Café en clair-obscur. Un paquet bombe ma poche, je sens son poids douloureux qui m’entrave plus bas que Terre. Je voudrais partir, j’ai peur. Mais j’attends. Les ventilateurs d’un autre siècle brassent des volutes de fumées. Dehors, le noir, les lampes livides donnent un éclat étrange la pièce, il me semble que le monde n’existe plus en dehors de ce bar. Les vitres sont pleines de poussières, comme de la fumée condensée.
S’il n’était plein de personnages louches, grotesques, on aurait pu le croire abandonner. Qu’est-ce qui m’attend ? Je commence à croire qu’il ne viendra pas, je commence à croire que je vais mourir. C’est une sorte de soulagement.

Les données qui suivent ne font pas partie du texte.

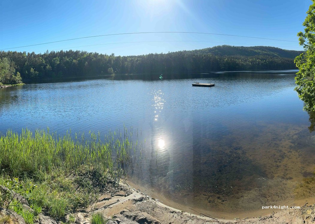 Een zalige plek om even bij te komen van de reis naar Noorwegen toe. Het ligt ongeveer 20 min van de ferry. Ligt aan een rustige weg. Bij mooi weer komen de locale mensen in het meer zwemmen. Mensen zijn erg vriendelijk. Zijn verder geen voorzieningen.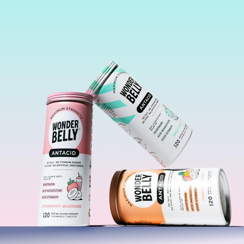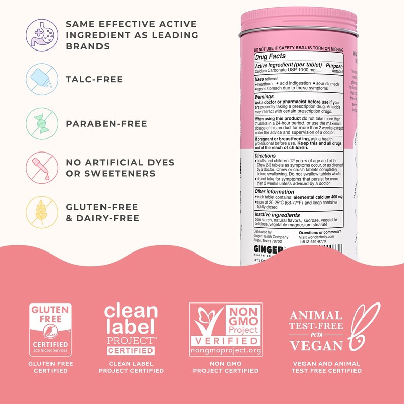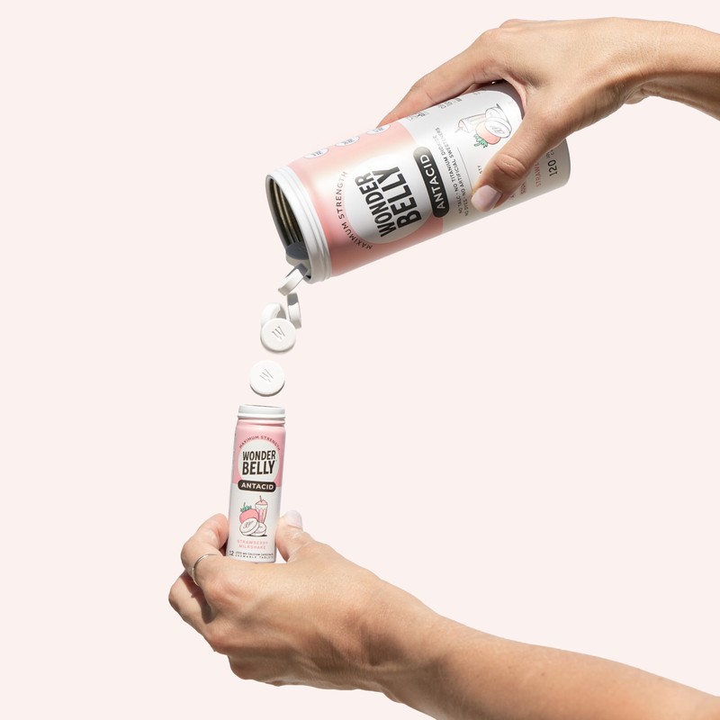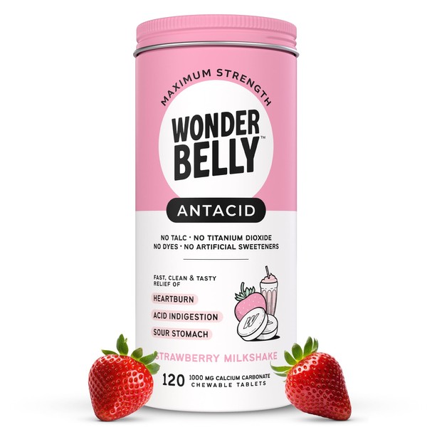 Wonderbelly Antacid, Effective Heartburn and Instant Acid Indigestion Relief, Extra Strength Chewable Tablets, 1000 mg Calcium Carbonate, No Talc or Dye, Strawberry Milkshake, 120 Count

J’attends. Y a-t-il quelqu’un qui m’attends ? Y a-t-il seulement quelqu’un qui s’apercevra de ma disparition ? Ce bar sans visage m’engloutira au lever du jour tandis qu’il s’enfoncera dans les catacombes et dans l’oubli.
Je ne sais ce qu’il y a dans ce paquet. Je ne suis qu’un pion, je ne suis personne, je ne serai jamais personne. Je suis utile, sans ambition, presque pas d’expérience. Je peux bien mourir à l’attendre.
Sans lui, je ne serai pas là, je ne serai nulle part. Je me serai brûlée la cervelle dans la chaleureuse indifférence du monde.
Je ne vous dirai pas qu’il m’a ramenée à la vie, je n’ai aucune illusion.
Je veux mourir pour son bon plaisir. Sait-il seulement que j’existe ?
Je suis utile, car d’autres que moi auraient la curiosité d’examiner le contenu du-dit paquet, juste un petit bout. Pas moi. Que voulez-vous que cela me fasse ?
C’est l’attente même qui est merveilleuse, cette délicieuse morsure… le verrais-je ce soir ?
Il aime tromper mes attentes, être absent… Il se déploie dans les ténèbres.
Il aime me donner des rendez-vous auxquels il est absent, il ne vient pas, au péril de ma vie, il délègue, me jette ses subalternes en pâture. Je ne sais s’il se rend compte du mal qu’il me fait.
Il aime m’acculer mais il ignore sans doute que j’existe. Que je l’aime à en mourir.
Pas un mot n’a jamais été échangé entre nous, nos échanges (et quels échanges…) sont matériels. Des paquets, des lettres (tentée de les substituer aux miennes, trop peur de lui déplaire), des paquets de cigarettes… Des messages se dressent brusquement sur mon passage, comme si j’étais sans cesse observée, comme s’ils savaient mes mouvements avant même qu’ils ne se révèlent à moi-même. Des objets, des signes à laisser derrière moi… Des choses absurdes. Je ne suis pas censée comprendre. Ça me va. Parfois j’ai l’impression de participer à un gigantesque jeu d’enfants, plein de codes vides de sens… Personne n’en connait la finalité : elle n’existe pas, on joue à faire semblant. Tout cela a peut-être un sens pour quelqu’un, ça n’en aura jamais pour moi. Peut-être qu’on se joue de moi, peut-être qu’il en est à l’origine dans le seul but de me tourmenter. Peut-être que tout cela est dans ma tête. Tout me va, tant que je peux le voir.
Je ne sais rien de lui, je ne sais pas son nom. Il me semble que je l’ai connu autrefois et que je l’ai déjà aimé.
La porte s’ouvre sur la nuit d’encre. Peut-être lui.